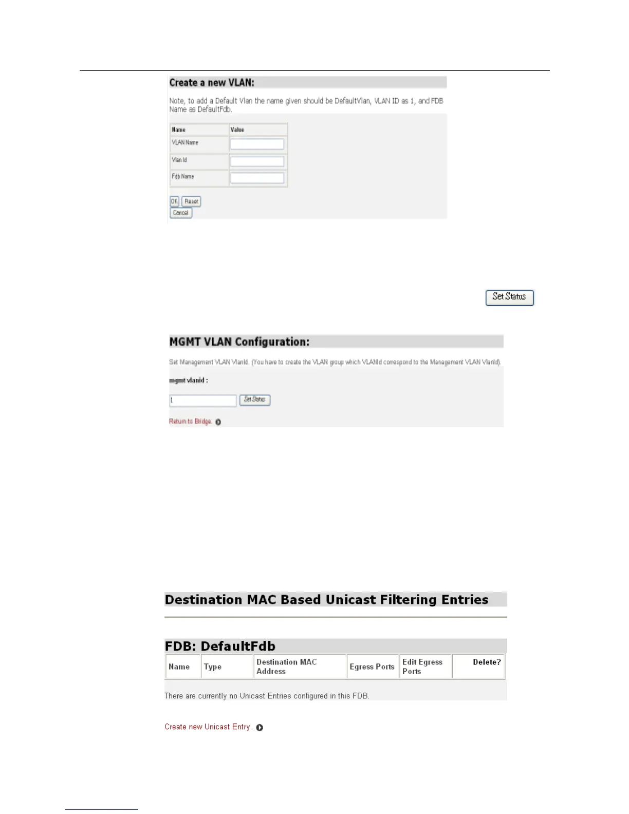 Entries, click Destination Based Unicast Filtering Entry Configuration under Bridge
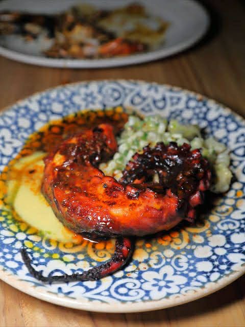 The concept here is cooking over flame where 90% of the cooking is done over the woodfire grill. The menu is designed around a series of starters and the meats where you can expect prime cuts of beef to seafood and sides. You can choose to do ala carte orders or opt for the Chefs Feast (S$118) which features a selection of dishes & cuts.
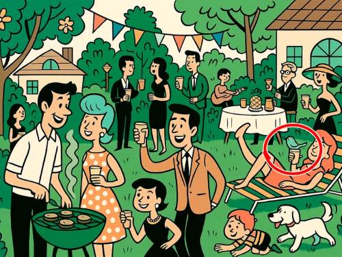 In the puzzle presented below, you need to find the hidden bird that is hiding in the scene of a party.
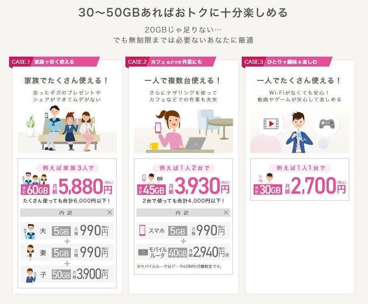 新・大容量プランが登場!家族でシェアしてムダなくギガが使える
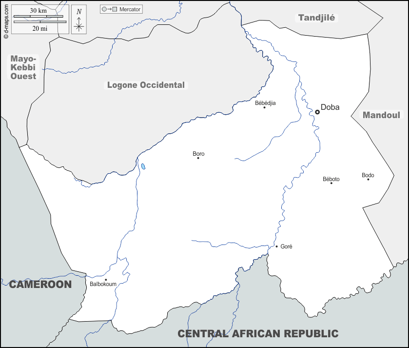 d-maps > अफ्रीका > चाड > लोगोन ओरिएंटल > सीमाओं, जल-सर्वेक्षण, मुख्य शहरों, नाम
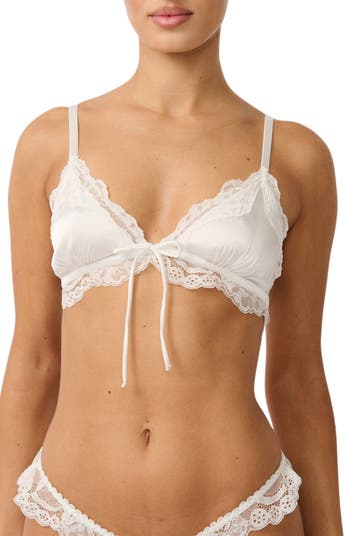 Delicate ties fall from the front of this lace-trimmed bralette made of soft satin.
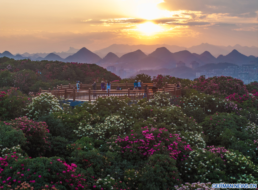 Die Drohnenaufnahme zeigt Touristen, die einen malerischen Ort mit Azaleen in der Stadt Bijie in der südwestchinesischen Provinz Guizhou besuchen, 29. März 2026. Die Azaleen in Bijie stehen derzeit in voller Blüte und ziehen zahlreiche Besucher an. (Foto von Li Hua/Xinhua)
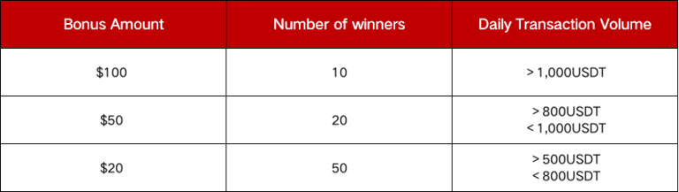 During the event, users who participate in perpetual contract transactions (buy+sell) with a daily transaction volume ≥500USDT will be eligible for the lottery. We will randomly select 80 users from eligible users to share $3000. The bonus amount, number of winners and transaction volume are as follows:
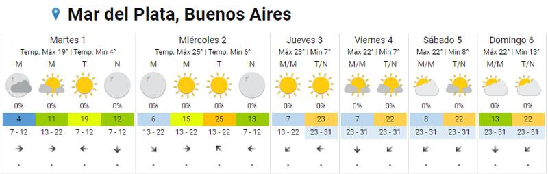 Pronóstico del tiempo: Clima hoy en Mar del Plata
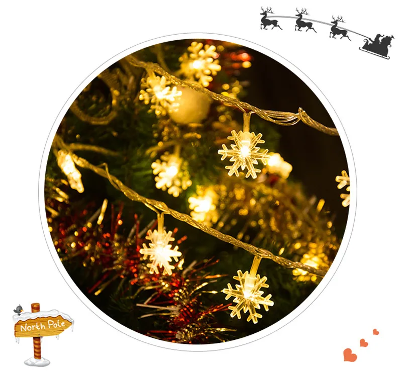 СВЕТОДИОДНЫЕ гирлянды со снежинками 1,5 м/3 м/6 м/10 м, Рождественские елки, украшения, огни на новый год, праздник, свадьбу, вечеринку, декоративное освещение
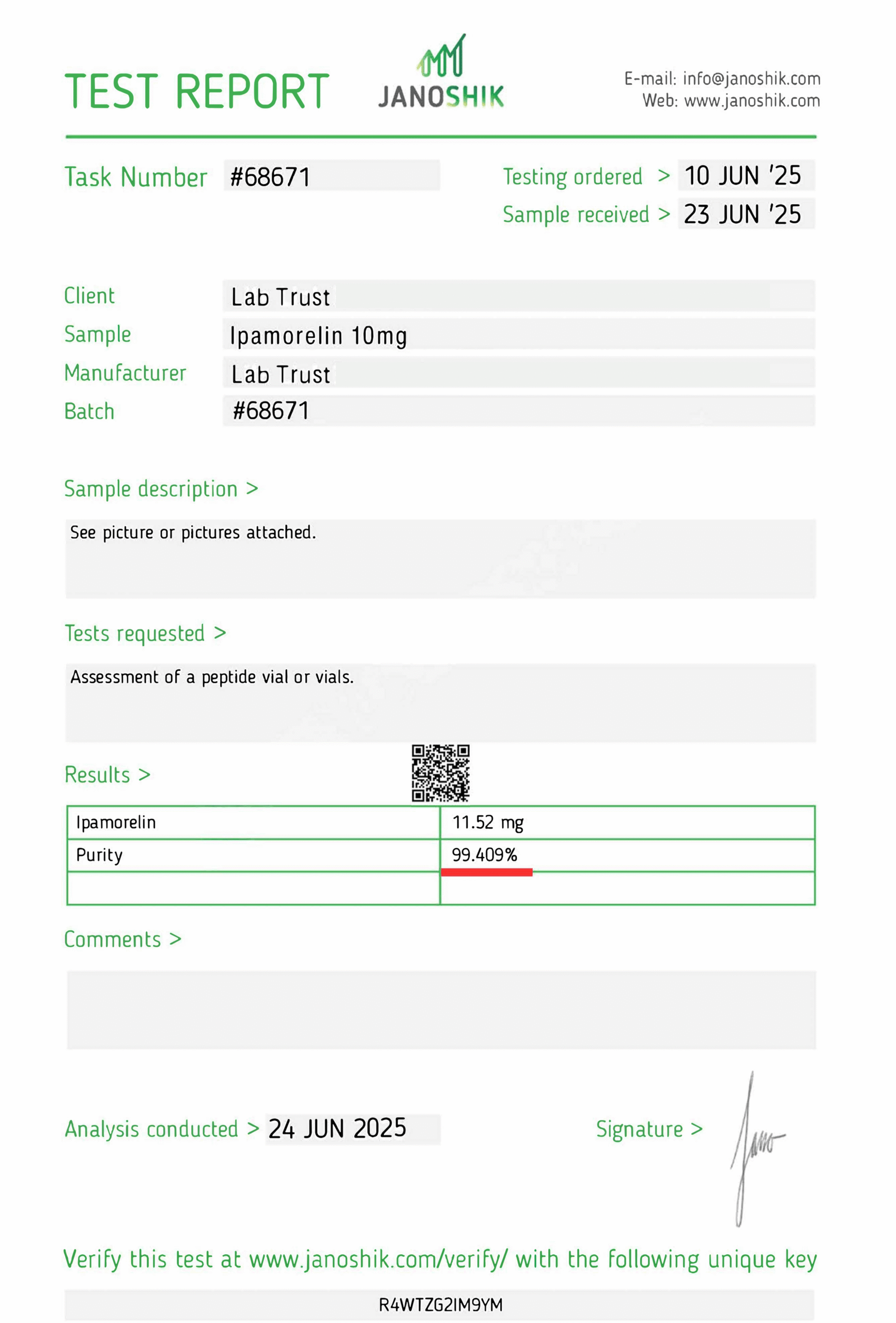 At Lab Trust Peptides, quality is verified through independent third-party analytical testing conducted on each production batch. Every peptide is supplied with complete Certificates of Analysis (COAs) confirming identity, purity, and batch consistency.
________________________________________
▸ **Problem description**
Skipping the pictures, print the lines in the listing above exactly as written, starting at the line with "In the puzzle" and ending at the line with "Delicate ties fall", both included.

▸ **Your solution**
 In the puzzle presented below, you need to find the hidden bird that is hiding in the scene of a party.
 新・大容量プランが登場!家族でシェアしてムダなくギガが使える
 d-maps > अफ्रीका > चाड > लोगोन ओरिएंटल > सीमाओं, जल-सर्वेक्षण, मुख्य शहरों, नाम
 Delicate ties fall from the front of this lace-trimmed bralette made of soft satin.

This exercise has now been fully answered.